Please hold your applause in favor of breakbeats and finger snaps — because INRA, the Berlin-based drone dub poetry duo consisting of Philipp Rhensius and Adam Ben-Nun, have just announced the upcoming release of their sophomore album, The Content Consuming Its Form, with New Orleans label Pinkbox Teleport on November 30.
Following last year’s Suburbs of Utopia, which had Tiny Mix Tapes calling INRA “the portal of life,” The Content Consuming Its Form looks to make good on its titular promise, thereby outlasting the duo’s already traveled vortices…even if only to inhabit and devour new sonic-futurist paradigms. As INRA writes, “People used to dance like robots/ Now they dance like humans trying to be robots.”

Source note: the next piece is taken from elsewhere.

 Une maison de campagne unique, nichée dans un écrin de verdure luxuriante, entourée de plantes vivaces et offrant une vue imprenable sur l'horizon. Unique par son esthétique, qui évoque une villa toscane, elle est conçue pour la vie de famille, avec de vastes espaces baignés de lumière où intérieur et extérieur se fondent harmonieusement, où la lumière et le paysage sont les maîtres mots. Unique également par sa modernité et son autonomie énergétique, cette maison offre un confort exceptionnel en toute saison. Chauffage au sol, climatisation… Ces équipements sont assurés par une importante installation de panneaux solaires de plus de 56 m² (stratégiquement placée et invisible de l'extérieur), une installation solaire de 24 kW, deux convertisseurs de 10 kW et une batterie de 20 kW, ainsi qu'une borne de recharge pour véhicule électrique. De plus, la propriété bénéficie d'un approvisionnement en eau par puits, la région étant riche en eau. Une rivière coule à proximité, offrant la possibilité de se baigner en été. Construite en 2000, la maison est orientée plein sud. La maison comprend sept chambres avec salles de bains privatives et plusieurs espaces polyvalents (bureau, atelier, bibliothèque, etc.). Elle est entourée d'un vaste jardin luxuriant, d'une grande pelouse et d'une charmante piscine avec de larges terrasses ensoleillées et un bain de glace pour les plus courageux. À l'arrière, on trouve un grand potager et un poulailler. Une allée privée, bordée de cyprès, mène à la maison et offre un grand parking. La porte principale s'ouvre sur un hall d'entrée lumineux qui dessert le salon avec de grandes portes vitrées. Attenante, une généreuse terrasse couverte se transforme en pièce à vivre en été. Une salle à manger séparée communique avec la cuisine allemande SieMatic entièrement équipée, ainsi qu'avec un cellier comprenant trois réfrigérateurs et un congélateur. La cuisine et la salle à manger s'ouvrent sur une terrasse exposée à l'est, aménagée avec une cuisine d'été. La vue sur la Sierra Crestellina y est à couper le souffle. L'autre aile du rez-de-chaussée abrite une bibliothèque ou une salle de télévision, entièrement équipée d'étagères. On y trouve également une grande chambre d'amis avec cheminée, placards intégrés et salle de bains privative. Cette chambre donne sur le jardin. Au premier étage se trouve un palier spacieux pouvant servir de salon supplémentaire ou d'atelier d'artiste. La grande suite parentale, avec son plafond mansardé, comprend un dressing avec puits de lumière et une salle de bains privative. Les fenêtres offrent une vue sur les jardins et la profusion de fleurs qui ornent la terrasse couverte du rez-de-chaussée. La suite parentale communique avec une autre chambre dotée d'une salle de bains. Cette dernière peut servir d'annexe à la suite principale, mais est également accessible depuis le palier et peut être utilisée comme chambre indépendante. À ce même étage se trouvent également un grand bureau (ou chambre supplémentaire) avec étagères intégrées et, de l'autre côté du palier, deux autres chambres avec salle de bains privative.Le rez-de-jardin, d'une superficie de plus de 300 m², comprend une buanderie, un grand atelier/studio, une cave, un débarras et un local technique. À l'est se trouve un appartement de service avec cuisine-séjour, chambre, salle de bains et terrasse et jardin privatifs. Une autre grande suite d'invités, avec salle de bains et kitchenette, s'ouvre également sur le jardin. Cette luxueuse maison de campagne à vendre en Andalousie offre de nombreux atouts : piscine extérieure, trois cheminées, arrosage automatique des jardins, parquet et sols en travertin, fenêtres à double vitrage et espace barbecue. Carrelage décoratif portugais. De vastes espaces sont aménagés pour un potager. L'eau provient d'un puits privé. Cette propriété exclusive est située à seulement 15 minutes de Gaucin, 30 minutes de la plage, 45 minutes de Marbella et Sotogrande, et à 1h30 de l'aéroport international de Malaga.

It’s this kind of sardonic obeservance that pumps the devilishly droning feedback, spastically polyrhythmic breakbeats, and drunkenly dubbed poetry (pub dough-etry?) bleeding out the forthcoming album’s title cut. Premiering today, “The Content Consuming Its Form” is seven-plus minutes of club-wrecking revolution for the mind and body; like Linton Kwesi Johnson and Mutabaruka if they grew up on jungle and grime rather than indirectly help inspire those genres.
Get gorged-on by “The Content Consuming Its Form” down below, pre-consume the whole album here, and check out the upcoming album’s tracklisting and perspective-shredding cover art by Marat Beltser.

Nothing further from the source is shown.